» Description of the task:
Quote the records that follow in full, leaving the pictures out.

» Data records:
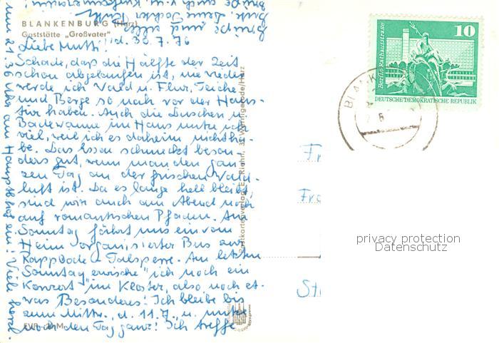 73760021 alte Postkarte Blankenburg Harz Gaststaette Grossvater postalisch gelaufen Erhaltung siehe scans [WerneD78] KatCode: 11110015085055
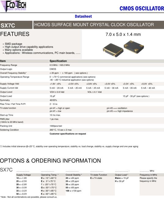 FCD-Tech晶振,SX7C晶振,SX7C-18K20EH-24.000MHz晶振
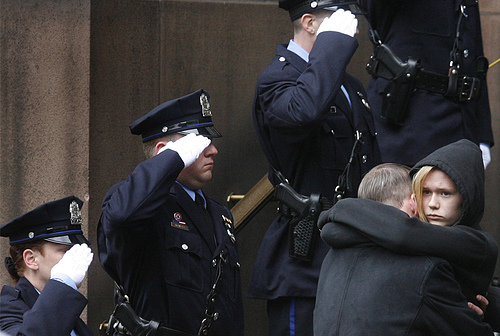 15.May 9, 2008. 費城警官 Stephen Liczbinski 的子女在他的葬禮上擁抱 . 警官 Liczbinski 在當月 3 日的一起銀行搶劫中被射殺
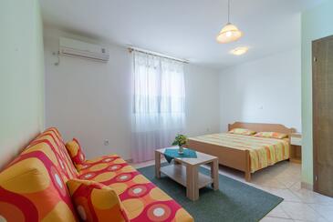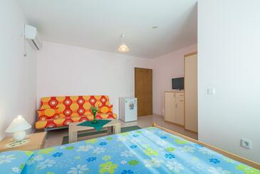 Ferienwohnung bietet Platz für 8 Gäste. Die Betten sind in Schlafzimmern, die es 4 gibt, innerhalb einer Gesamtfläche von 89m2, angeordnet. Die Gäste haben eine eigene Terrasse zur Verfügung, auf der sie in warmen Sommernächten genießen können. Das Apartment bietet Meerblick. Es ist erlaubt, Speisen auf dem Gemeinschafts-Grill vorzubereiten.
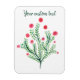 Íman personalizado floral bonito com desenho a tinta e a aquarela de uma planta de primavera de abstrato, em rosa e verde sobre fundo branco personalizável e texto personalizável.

» Exercise output:
 73760021 alte Postkarte Blankenburg Harz Gaststaette Grossvater postalisch gelaufen Erhaltung siehe scans [WerneD78] KatCode: 11110015085055
 FCD-Tech晶振,SX7C晶振,SX7C-18K20EH-24.000MHz晶振
 15.May 9, 2008. 費城警官 Stephen Liczbinski 的子女在他的葬禮上擁抱 . 警官 Liczbinski 在當月 3 日的一起銀行搶劫中被射殺
 Ferienwohnung bietet Platz für 8 Gäste. Die Betten sind in Schlafzimmern, die es 4 gibt, innerhalb einer Gesamtfläche von 89m2, angeordnet. Die Gäste haben eine eigene Terrasse zur Verfügung, auf der sie in warmen Sommernächten genießen können. Das Apartment bietet Meerblick. Es ist erlaubt, Speisen auf dem Gemeinschafts-Grill vorzubereiten.
 Íman personalizado floral bonito com desenho a tinta e a aquarela de uma planta de primavera de abstrato, em rosa e verde sobre fundo branco personalizável e texto personalizável.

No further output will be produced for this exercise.